To state the results more precisely, recall that the Navier-Stokes equations can be written in the form

\displaystyle  \partial_t u + (u \cdot \nabla) u = \nu \Delta u + \nabla p

for a divergence-free velocity field {u} and a pressure field {p}, where {\nu>0} is the viscosity, which we will normalise to be one. We will work in the non-periodic setting, so the spatial domain is {{\bf R}^3}, and for sake of exposition I will not discuss matters of regularity or decay of the solution (but we will always be working with strong notions of solution here rather than weak ones). Applying the Leray projection {P} to divergence-free vector fields to this equation, we can eliminate the pressure, and obtain an evolution equation

\displaystyle  \partial_t u = \Delta u + B(u,u) \ \ \ \ \ (1)

purely for the velocity field, where {B} is a certain bilinear operator on divergence-free vector fields (specifically, {B(u,v) = -\frac{1}{2} P( (u \cdot \nabla) v + (v \cdot \nabla) u)}. The global regularity problem for Navier-Stokes is then equivalent to the global regularity problem for the evolution equation (1).

An important feature of the bilinear operator {B} appearing in (1) is the cancellation law

\displaystyle  \langle B(u,u), u \rangle = 0

(using the {L^2} inner product on divergence-free vector fields), which leads in particular to the fundamental energy identity

\displaystyle  \frac{1}{2} \int_{{\bf R}^3} |u(T,x)|^2\ dx + \int_0^T \int_{{\bf R}^3} |\nabla u(t,x)|^2\ dx dt = \frac{1}{2} \int_{{\bf R}^3} |u(0,x)|^2\ dx.

This identity (and its consequences) provide essentially the only known a priori bound on solutions to the Navier-Stokes equations from large data and arbitrary times.
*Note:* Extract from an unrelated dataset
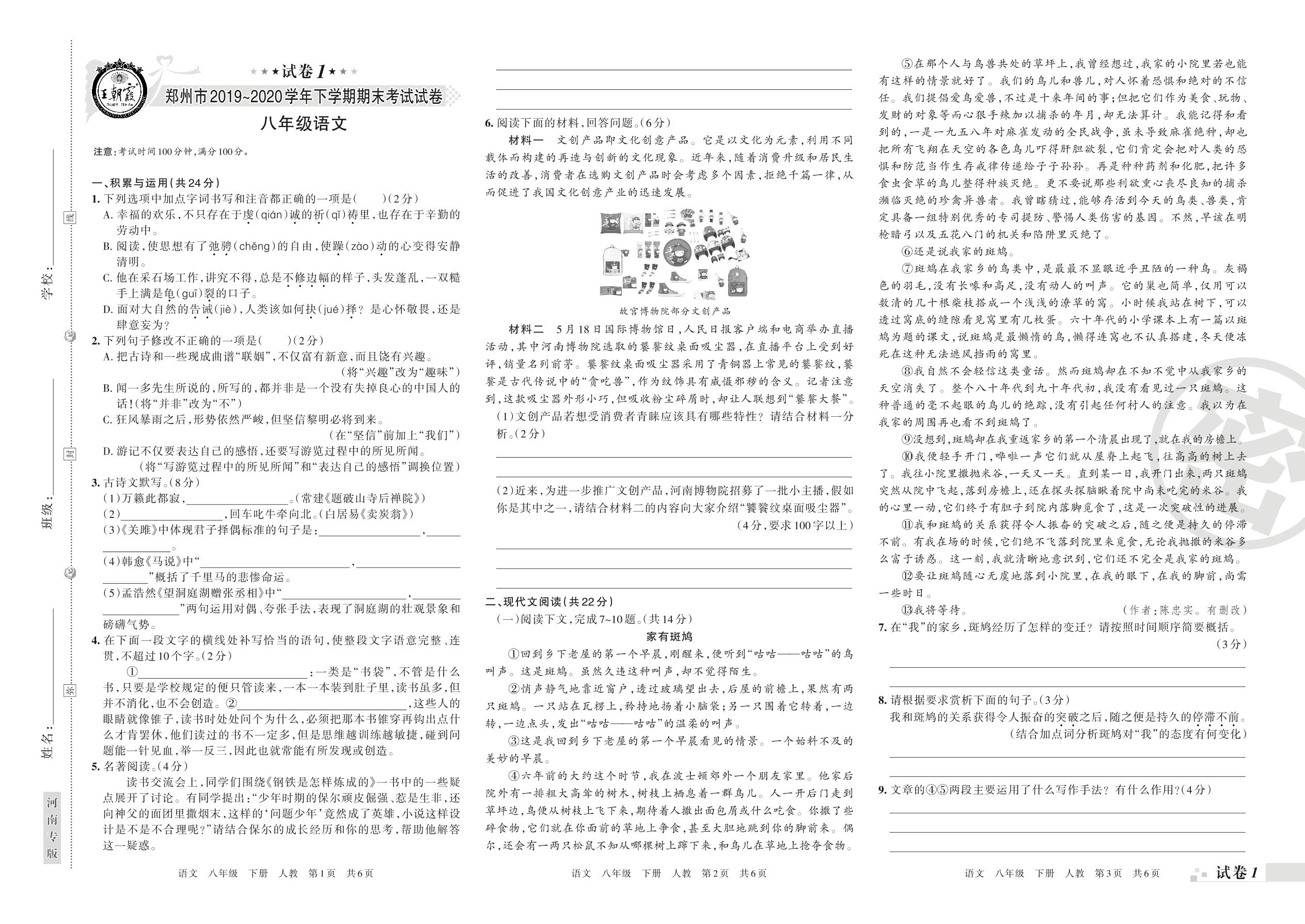 2019-2020学年第二学期郑州市八年级语文试卷(人教版)【1】

Unfortunately, as discussed in this previous post, the quantities controlled by the energy identity are supercritical with respect to scaling, which is the fundamental obstacle that has defeated all attempts to solve the global regularity problem for Navier-Stokes without any additional assumptions on the data or solution (e.g. perturbative hypotheses, or a priori control on a critical norm such as the {L^\infty_t L^3_x} norm).

Our main result is then (slightly informally stated) as follows

Theorem 1 There exists an averaged version {\tilde B} of the bilinear operator {B}, of the form

\displaystyle  \tilde B(u,v) := \int_\Omega m_{3,\omega}(D) Rot_{3,\omega}

\displaystyle B( m_{1,\omega}(D) Rot_{1,\omega} u, m_{2,\omega}(D) Rot_{2,\omega} v )\ d\mu(\omega)

for some probability space {(\Omega, \mu)}, some spatial rotation operators {Rot_{i,\omega}} for {i=1,2,3}, and some Fourier multipliers {m_{i,\omega}} of order {0}, for which one still has the cancellation law

\displaystyle  \langle \tilde B(u,u), u \rangle = 0

and for which the averaged Navier-Stokes equation

\displaystyle  \partial_t u = \Delta u + \tilde B(u,u) \ \ \ \ \ (2)

admits solutions that blow up in finite time.

(There are some integrability conditions on the Fourier multipliers {m_{i,\omega}} required in the above theorem in order for the conclusion to be non-trivial, but I am omitting them here for sake of exposition.)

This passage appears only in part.